→ Given material:
>>>>

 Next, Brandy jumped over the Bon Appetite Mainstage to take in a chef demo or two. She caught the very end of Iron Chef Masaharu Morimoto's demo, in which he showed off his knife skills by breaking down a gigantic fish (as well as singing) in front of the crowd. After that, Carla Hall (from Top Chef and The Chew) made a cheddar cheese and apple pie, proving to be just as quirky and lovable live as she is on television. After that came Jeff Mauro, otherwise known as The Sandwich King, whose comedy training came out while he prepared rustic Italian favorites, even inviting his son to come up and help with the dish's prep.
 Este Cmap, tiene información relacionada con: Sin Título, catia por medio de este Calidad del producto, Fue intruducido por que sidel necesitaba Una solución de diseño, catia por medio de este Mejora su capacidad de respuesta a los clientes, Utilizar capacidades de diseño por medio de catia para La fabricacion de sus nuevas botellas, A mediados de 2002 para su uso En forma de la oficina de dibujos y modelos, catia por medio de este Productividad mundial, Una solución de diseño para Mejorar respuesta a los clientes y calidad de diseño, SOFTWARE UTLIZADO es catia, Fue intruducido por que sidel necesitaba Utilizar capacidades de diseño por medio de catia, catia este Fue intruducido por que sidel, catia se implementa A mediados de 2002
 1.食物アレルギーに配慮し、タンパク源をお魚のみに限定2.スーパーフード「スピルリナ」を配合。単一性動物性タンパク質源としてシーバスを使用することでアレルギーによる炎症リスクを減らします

<<<<

→ Task statement: Reproduce the entire listing word for word.

→ Output for this task:
 Next, Brandy jumped over the Bon Appetite Mainstage to take in a chef demo or two. She caught the very end of Iron Chef Masaharu Morimoto's demo, in which he showed off his knife skills by breaking down a gigantic fish (as well as singing) in front of the crowd. After that, Carla Hall (from Top Chef and The Chew) made a cheddar cheese and apple pie, proving to be just as quirky and lovable live as she is on television. After that came Jeff Mauro, otherwise known as The Sandwich King, whose comedy training came out while he prepared rustic Italian favorites, even inviting his son to come up and help with the dish's prep.
 Este Cmap, tiene información relacionada con: Sin Título, catia por medio de este Calidad del producto, Fue intruducido por que sidel necesitaba Una solución de diseño, catia por medio de este Mejora su capacidad de respuesta a los clientes, Utilizar capacidades de diseño por medio de catia para La fabricacion de sus nuevas botellas, A mediados de 2002 para su uso En forma de la oficina de dibujos y modelos, catia por medio de este Productividad mundial, Una solución de diseño para Mejorar respuesta a los clientes y calidad de diseño, SOFTWARE UTLIZADO es catia, Fue intruducido por que sidel necesitaba Utilizar capacidades de diseño por medio de catia, catia este Fue intruducido por que sidel, catia se implementa A mediados de 2002
 1.食物アレルギーに配慮し、タンパク源をお魚のみに限定2.スーパーフード「スピルリナ」を配合。単一性動物性タンパク質源としてシーバスを使用することでアレルギーによる炎症リスクを減らします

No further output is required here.